>>>

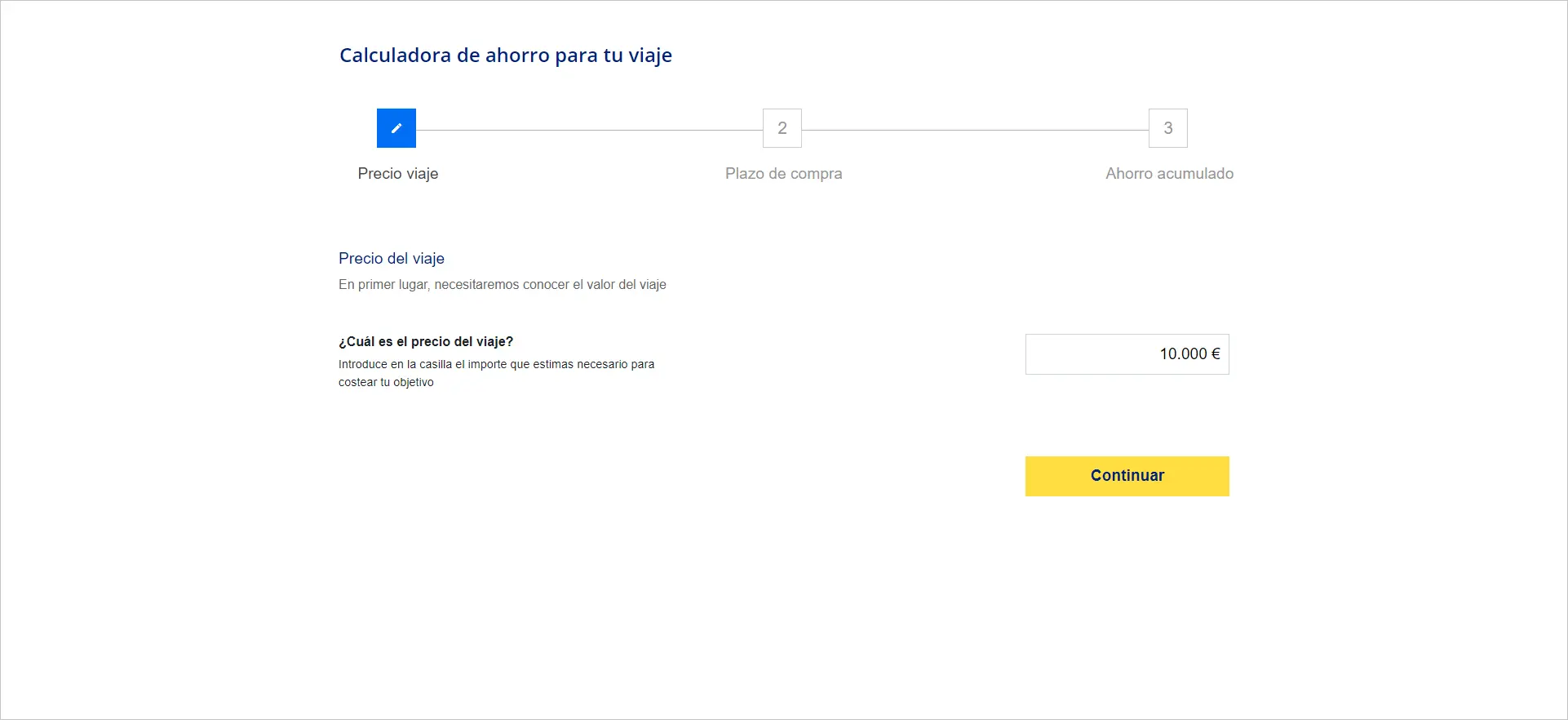 Para comenzar con la estimación de tu plan de ahorro, necesitamos conocer el precio del viaje que deseas realizar.
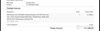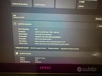 Vendo stupendo notebook da gaming ultima generazione ram installata 64 gb oggi impossibile da fare visti i prezzi Pagato 1500 ancora pggi su amazon a 1200 euro con 8 giga di ram Fattura di acquisto nelle foto , prezzo prima di mettere pe ram. Solamente persone interessate che capiscano di componenti di qualita grazie MSI Cyborg 15 AI A1VFK-005IT, Notebook Gaming, 15,6" FHD 144Hz, Intel Ultra 7 155H, Nvidia RTX 4060 GDDR6 8GB, 1TB SSD PCIe4, DDR5 16GB, WiFi 6E, Win11 Home Nero Dimensioni dell'Hard-Disk1 TB Sistema operativoWindows 11 Home Caratteristiche prodotto1TB SSD PCIe 4, Portatile ad altissime prestazioni con Processore Intel Core Ultra 7 155H e Nvidia GeForce RTX 4060, GDDR6 8GB, Ram 16GB (2x8GB) DDR5, Tastiera retroilluminata a 4 zone RGB, Webcam posizionata nella parte superiore del portatile Graphics DescriptionRTX 4060 Graphics CoProcessorIntel Iris Xe Graphics Hard Disk Technology1TB NVMe PCIe SSD Gen4x4, 1TB NVMe PCIe SSD Gen4x4 Peso articolo1,98 Chilogrammi Produttore processore graficoNVIDIA Usi specifici per il prodottoEntertaniment, Gaming, Studente Funzionalità webcamSì Graphics RAM Size8 GB Software aggiuntiviMSI Center Fattore di formaNotebook Tipo di interfaccia dell'Hard-DiskPCIE x 4 Descrizione della fotocameraAnteriore Graphics RAM TypeGDDR6 Dispositivi compatibiliCuffie, Monitor, Mouse, Tastiera Tipo di garanzia2 Anni Fabbricante Dimensioni dell'articolo, lunghezza x larghezza x spessore35,9L x 25l x 2,3Gio cm Tipo di chipsetIntegrato Tipo di periferiche otticheNo Dispositivo di alimentazioneAC adapter Uscita videoHDMI, Type-C DisplayPort
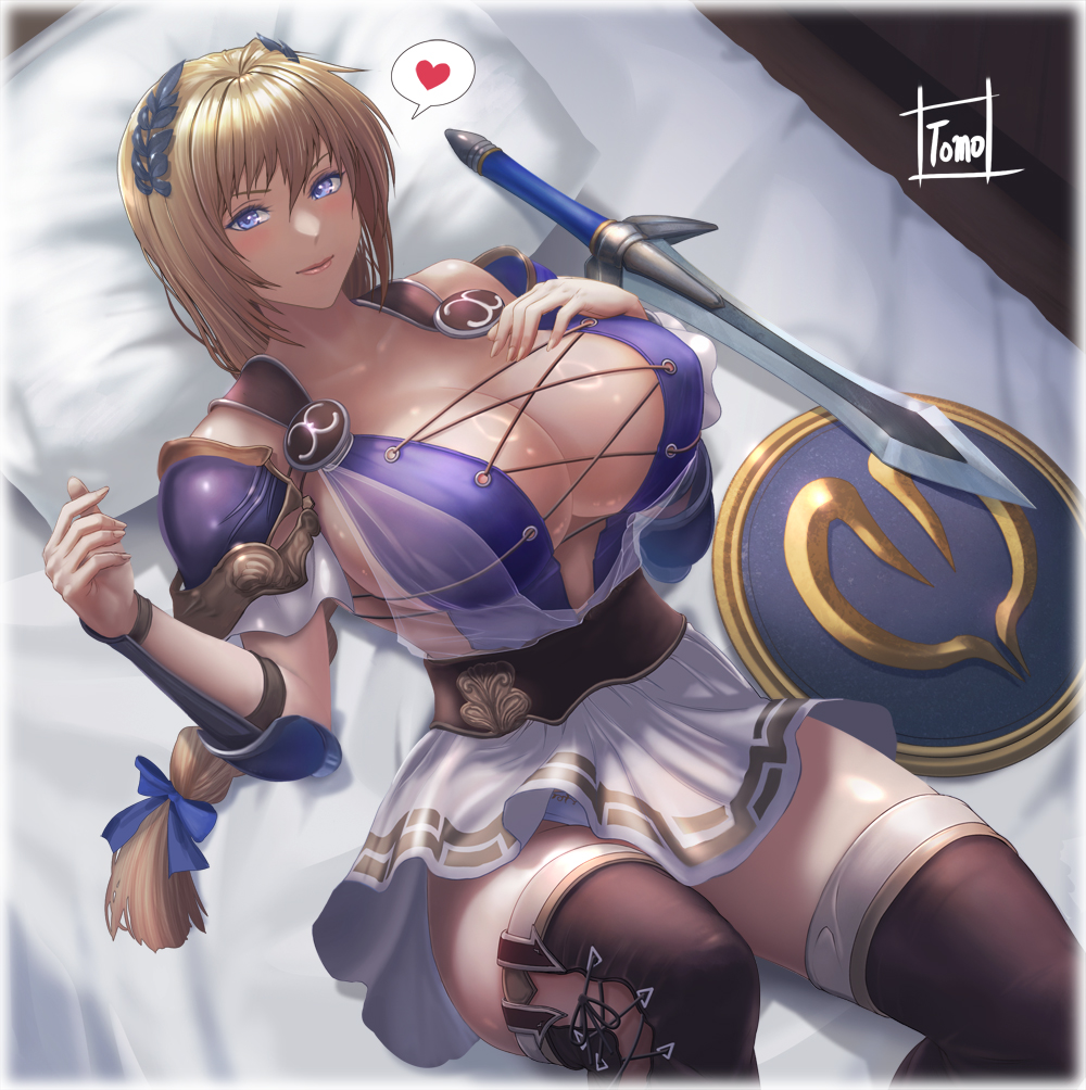 Hentai Eye – 1girl alluring bed big breasts blonde hair blue eyes cleavage long hair
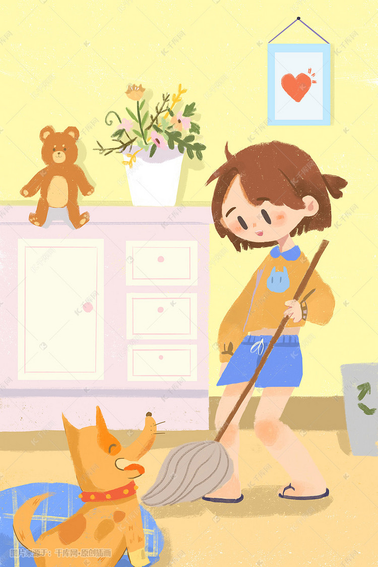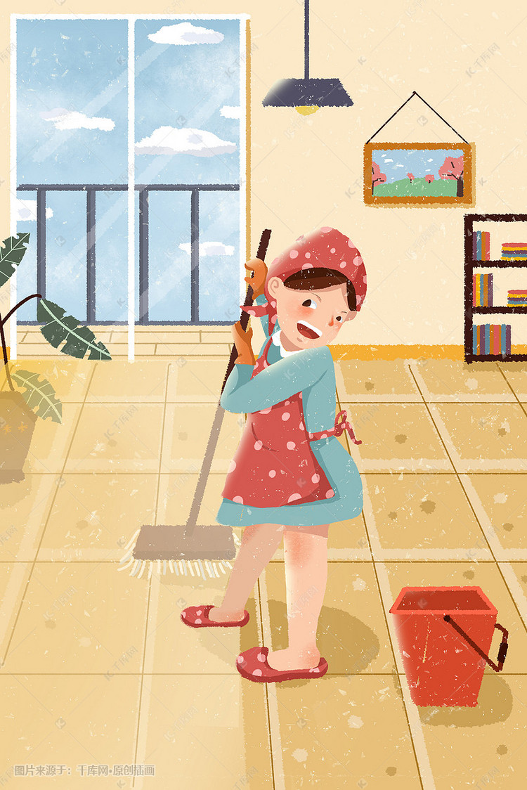 51劳动节少女劳动打扫卫生大扫除室内插画图片
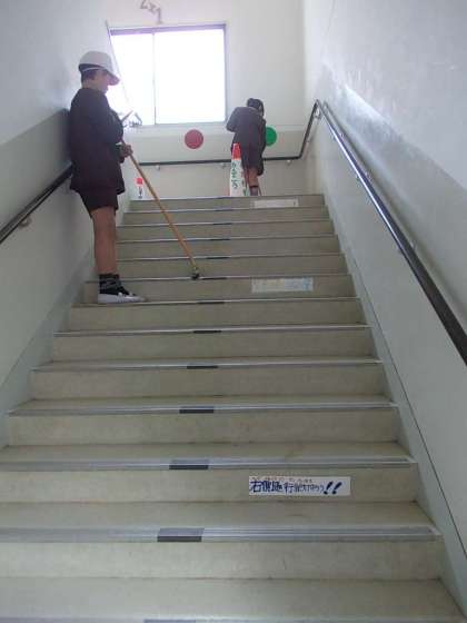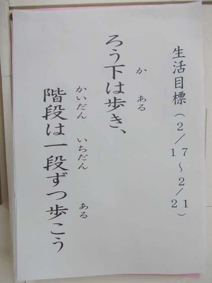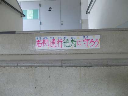 代表委員会の児童が作った、安全な歩行についてのカードを、階段に掲示しました。
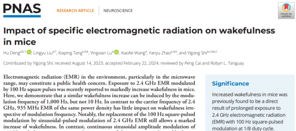 进一步研究中,学者将小鼠暴露于2.4 GHz EMR,峰值功率为64 W,时间平均功率密度为8 W(1/8占空比),由100 Hz方脉冲调制,观测到小鼠显著增加了觉醒效应。
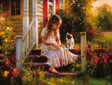 Experience the joy and beauty of Spring with our Perfect Spring Day Jigsaw Puzzle. Join a little girl and her pet kitten on their porch as they bask in the sunshine and admire the colourful blooms. An ideal way to relax and unwind while appreciating the wonders of nature. Size 24 x 18". 500 pieces.
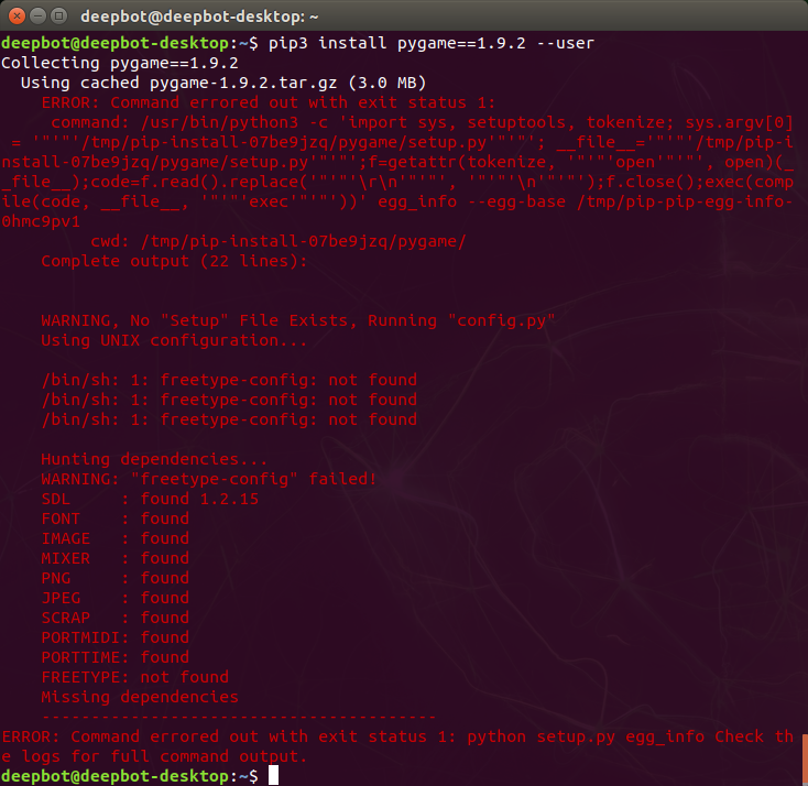 pip3 install pygame==1.9.2 --user
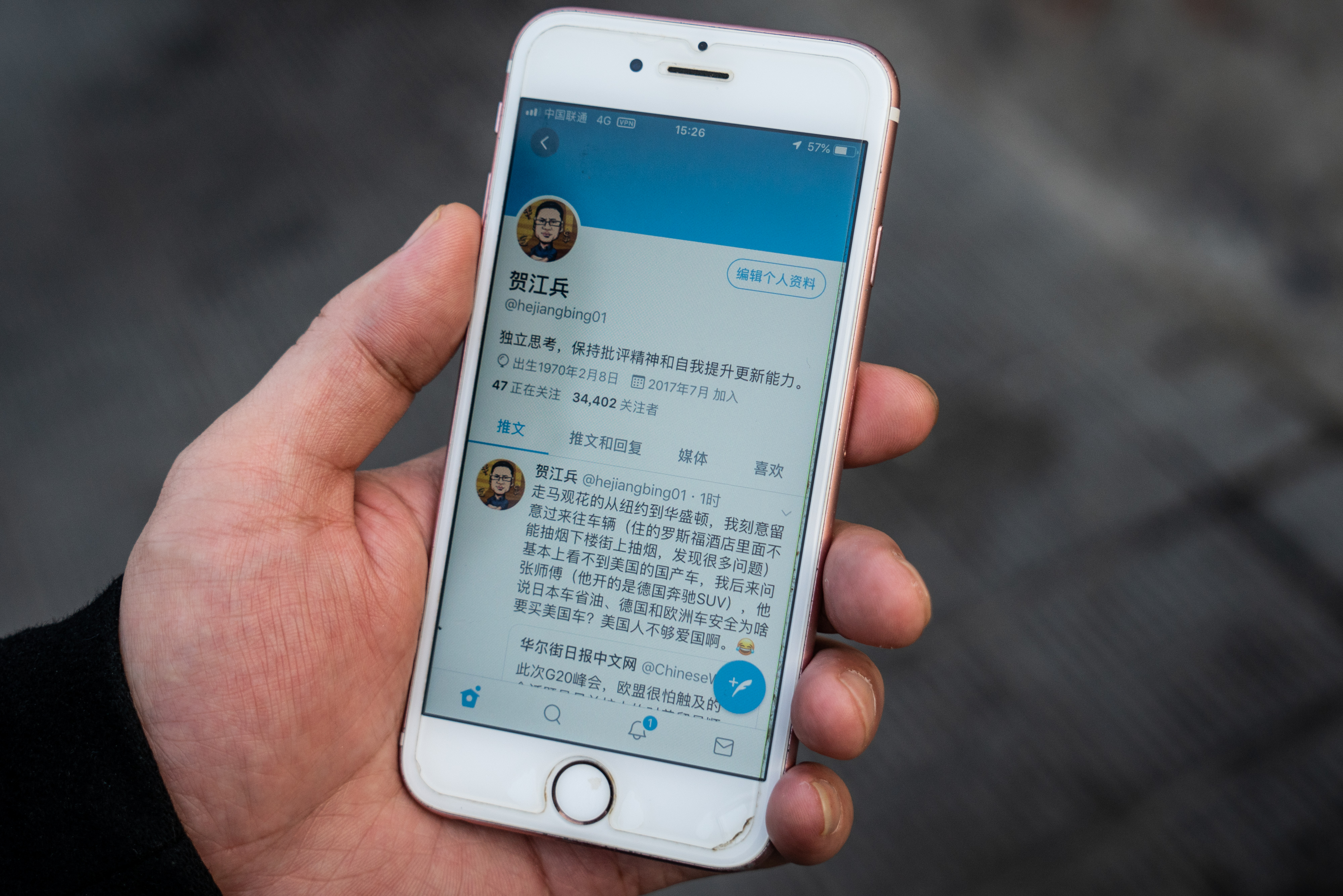 ©嚴聰為華盛頓郵報通過Getty Images 48歲的金江學者何江兵于2018年11月30日在中國北京的手機上展示了自己的Twitter檔案。
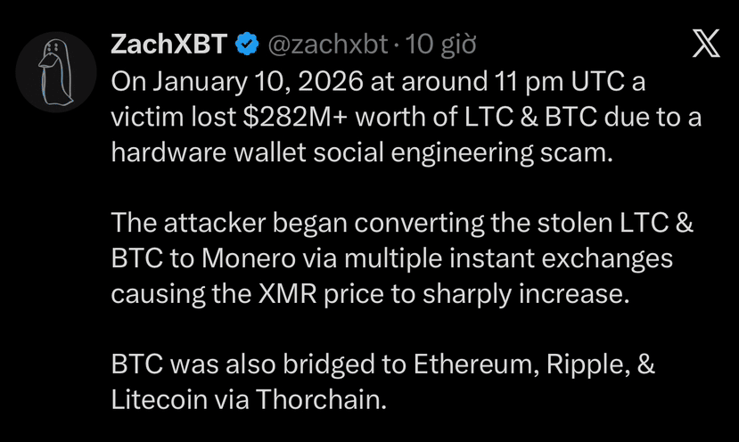 Selon l'enquêteur sur la chaîne @ZachXBT , une victime a perdu plus de 282 millions de dollars en $BTC et $LTC après être tombée dans une attaque d'ingénierie sociale sophistiquée ciblant leur portefeuille matériel. L'attaquant a obtenu un accès à distance, a vidé les fonds, puis a immédiatement blanchi des portions en échangeant $LTC/$BTC contre $XMR (provoquant une forte hausse des prix) et en acheminant 818 BTC (~$78M) à travers THORChain dans 19,631 ETH, 3.15M XRP et 77,285 LTC.
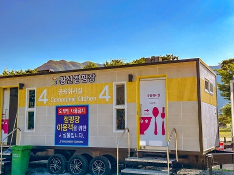 캠핑장에는 기본적인 전기 시설과 취사장, 화장실이 잘 정비되어 있습니다. 무엇보다 눈에 띄는 점은 ‘배달존’ 운영입니다. 캠핑장에 머무는 동안 인근 가게에서 음식을 배달받을 수 있어 직접 식사를 준비하지 않아도 편리하게 즐길 수 있습니다. 이 점은 가족 단위 방문객들에게 특히 호평을 받고 있습니다.
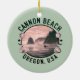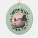 L'élégant ornement de keepsaké offre une vue rétro sur la plage de Cannon, OU sur l'arrière - plan vert pastel.
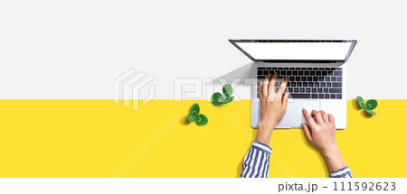Minimalist laptop mockup computer outdoors horizon, with copy space
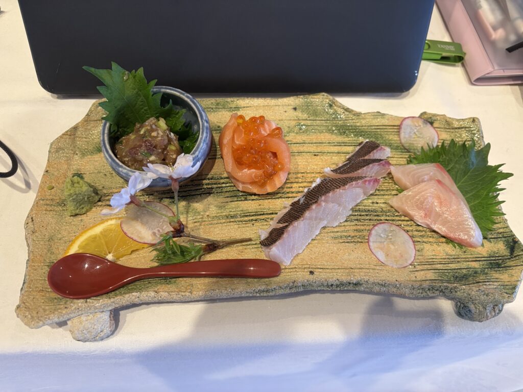 刺身は4点盛り。崎戸住まいとしては量が少ない!と思うのですが、もっと少なくて良いと言われた。
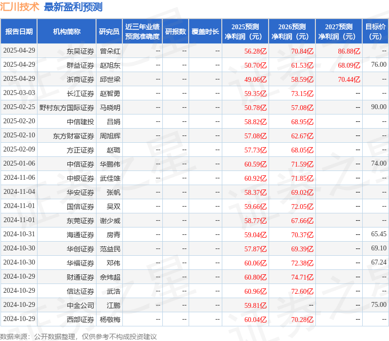 最新盈利预测明细如下:
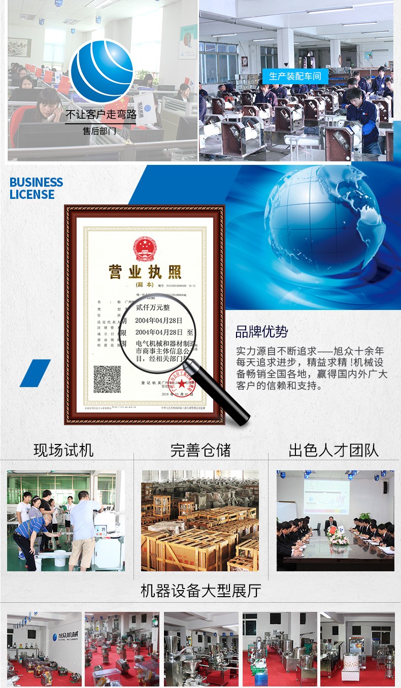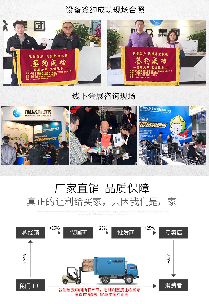 廣州旭眾食品機(jī)械有限公司是一家集科研開發(fā),生產(chǎn)設(shè)計(jì),營銷服務(wù)為一體的現(xiàn)代化生產(chǎn)企業(yè)?,F(xiàn)代化生產(chǎn)車間,精湛制造技術(shù),所產(chǎn)機(jī)械歷經(jīng)市場重重考驗(yàn),不斷贏得海內(nèi)外客戶的贊譽(yù)。
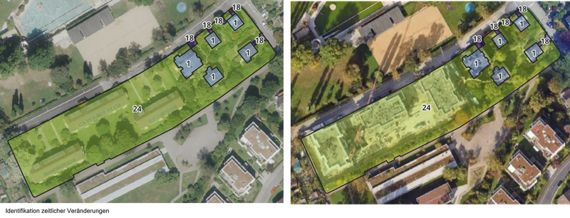 - Vorteil: Subparzellengenaue Erkennung, auch unter Laubbäumen (Winteraufnahmen), Erkennung zeitlicher Veränderungen
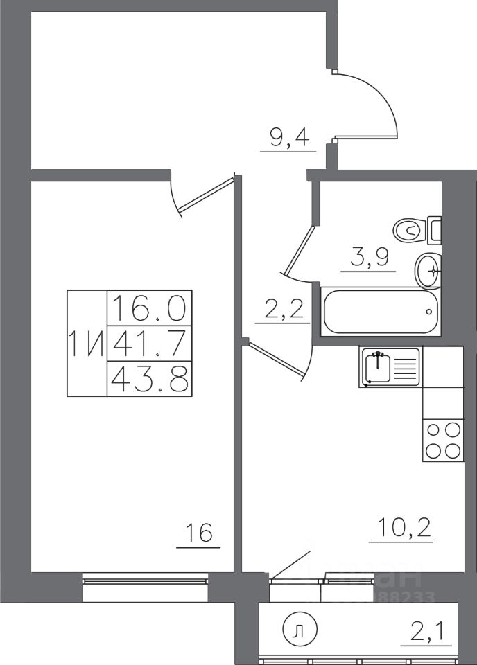 Общая площадь43,8 м²
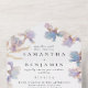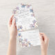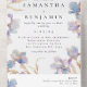 Diese elegante Hochzeitseinladung ist ideal für Hochzeiten im Frühjahr und Sommer. Dieses Design ist mit einem Ring von Aquarellirisen in den Tönen Lila und Perkellblau ausgestattet. Feine Touchs Gold verleihen dem Ganzen ein zauberhaftes Element.
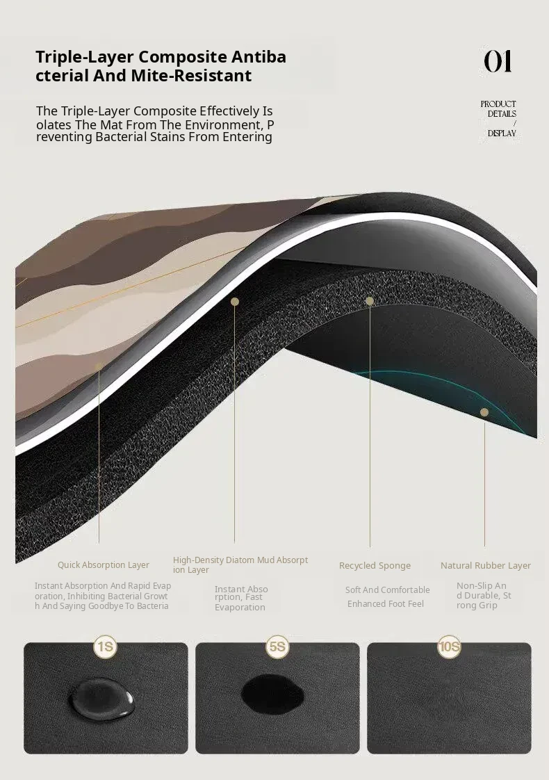 Super Absorbent Diatomaceous Earth Bath Mat – Non-Slip Soft Bathroom Rug for Entrance – Ideal for Toilet and Washroom Use, Perfect for Keeping Floors Dry and Safe!
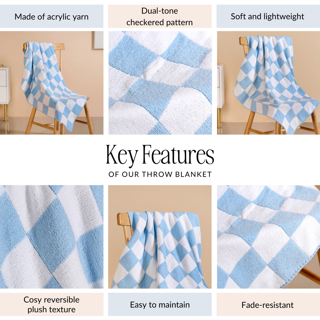 Design: This reversible acrylic yarn throw blanket features a soothing blue and white checkered pattern arranged in evenly spaced squares. The soft, plush surface features a gently textured finish with neatly woven edges, making it inviting and perfect for layering over sofas, beds, or accent chairs.

<<<

# What needs to be done
Output exactly those lines of the data above that run from the line with "Общая площадь43,8 м²" up to and including the line with "Diese elegante Hochzeitseinladung". No pictures go in.

# Solution to this task
 Общая площадь43,8 м²
 Diese elegante Hochzeitseinladung ist ideal für Hochzeiten im Frühjahr und Sommer. Dieses Design ist mit einem Ring von Aquarellirisen in den Tönen Lila und Perkellblau ausgestattet. Feine Touchs Gold verleihen dem Ganzen ein zauberhaftes Element.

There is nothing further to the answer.